Therefore, it is important to make sure markers correspond to the same locations. Double check if need be. Do this by selecting a marker in the model view, right-click and filter cameras by markers. You will get a list and the images on top are the ones you manually set. Make sure ALL of them point to the same target.

This is how you set “relative” markers, the only markers relevant in this document:

  1. Go to the Reference panel

  2. Right click in the marker section and “add marker”

  3. Open the first image and right click->Place Marker->Your Marker

  4. Open the second image and right click->Place Marker->Your Marker

Do NOT create a new marker directly on an image! This is tempting but will create a different kind of marker that we do not want to use for this. It takes the current estimated absolute position and fixes it, even if it is incorrect.

You can check how a marker was set in the reference panel. If X, Y and Z values are present, it is an absolute marker (see Figure 6.6). You do not want that anywhere on your images. Delete such markers immediately! You should only use relative markers.

The effect of this markers is not imminent. Only after running the “Align Images” step will the markers be used to optimize the camera positions. Alternatively the “Optimize Cameras” Button in the “Reference” tab will recalculate the camera positions and orientations without the need to match images again.

Figure 6.6: Two different kind of markers. Relative marker on top (point 1), Absolute marker on the bottom (point 2). The latter is not desirable.

Align Images Locally

While the “Align Images” step aligns all images, sometimes it is beneficial to only work on a subset of images at a time. The “Align images locally” method allows just that.

Select a subset of images in the workspace view or in the photos list. Right click -> “Align Selected Cameras”. In contrast to the workflow variant, this will align only the selection of images instead of the whole chunk and is significantly faster. This is especially useful when integrating new images to an already existing base. In combination with adding markers, this is the best way of adding previously unaligned images.

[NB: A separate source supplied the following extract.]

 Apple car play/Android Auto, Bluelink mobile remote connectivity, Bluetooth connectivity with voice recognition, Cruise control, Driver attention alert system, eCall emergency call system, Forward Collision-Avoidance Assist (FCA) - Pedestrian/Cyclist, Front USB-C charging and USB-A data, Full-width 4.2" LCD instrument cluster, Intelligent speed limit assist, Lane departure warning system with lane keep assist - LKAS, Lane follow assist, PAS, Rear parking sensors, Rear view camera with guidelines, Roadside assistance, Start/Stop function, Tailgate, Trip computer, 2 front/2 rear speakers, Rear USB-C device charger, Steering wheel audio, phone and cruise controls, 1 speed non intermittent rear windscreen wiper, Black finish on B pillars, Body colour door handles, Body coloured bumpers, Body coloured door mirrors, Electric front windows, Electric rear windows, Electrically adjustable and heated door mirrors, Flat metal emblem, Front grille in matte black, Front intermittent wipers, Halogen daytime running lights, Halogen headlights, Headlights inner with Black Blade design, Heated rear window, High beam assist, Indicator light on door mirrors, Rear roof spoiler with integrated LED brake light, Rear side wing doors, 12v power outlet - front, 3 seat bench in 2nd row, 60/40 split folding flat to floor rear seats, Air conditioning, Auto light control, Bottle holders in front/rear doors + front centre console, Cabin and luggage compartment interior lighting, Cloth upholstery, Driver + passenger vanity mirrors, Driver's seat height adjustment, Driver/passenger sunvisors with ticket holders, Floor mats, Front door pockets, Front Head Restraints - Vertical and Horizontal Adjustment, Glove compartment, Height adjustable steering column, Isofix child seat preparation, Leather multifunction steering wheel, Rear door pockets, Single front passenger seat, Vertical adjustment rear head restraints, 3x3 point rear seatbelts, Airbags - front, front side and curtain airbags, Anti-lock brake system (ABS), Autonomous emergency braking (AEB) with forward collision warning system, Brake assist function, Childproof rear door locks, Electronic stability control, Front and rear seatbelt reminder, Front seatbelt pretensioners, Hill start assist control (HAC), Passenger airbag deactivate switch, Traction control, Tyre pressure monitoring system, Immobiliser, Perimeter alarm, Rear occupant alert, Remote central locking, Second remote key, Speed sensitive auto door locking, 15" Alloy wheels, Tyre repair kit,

7. Dense Point Cloud Calculation

The second step is the dense point cloud calculation. Using the Workflow menu simply run it using the default settings. I strongly recommend enabling the “Calculate point confidence” option (see Figure 7.1), which is disabled by default. Later on, this will ease discriminating noise.

Figure 7.1: Dense Point Cloud Calculation with "Calculate point confidence" enabled.

8. Filtering and Data Cleaning

The dense point cloud serves as the basis for either 3D models or the DEM. Naturally we want to get rid of noise here, so that the resulting models can be as accurate as possible. There are two ways of doing so. The first one is to simply select unwanted points in the model view while the dense point cloud is active and deleting them by pressing the delete key (see Figure 8.1). This method is simple to execute but can be very time consuming.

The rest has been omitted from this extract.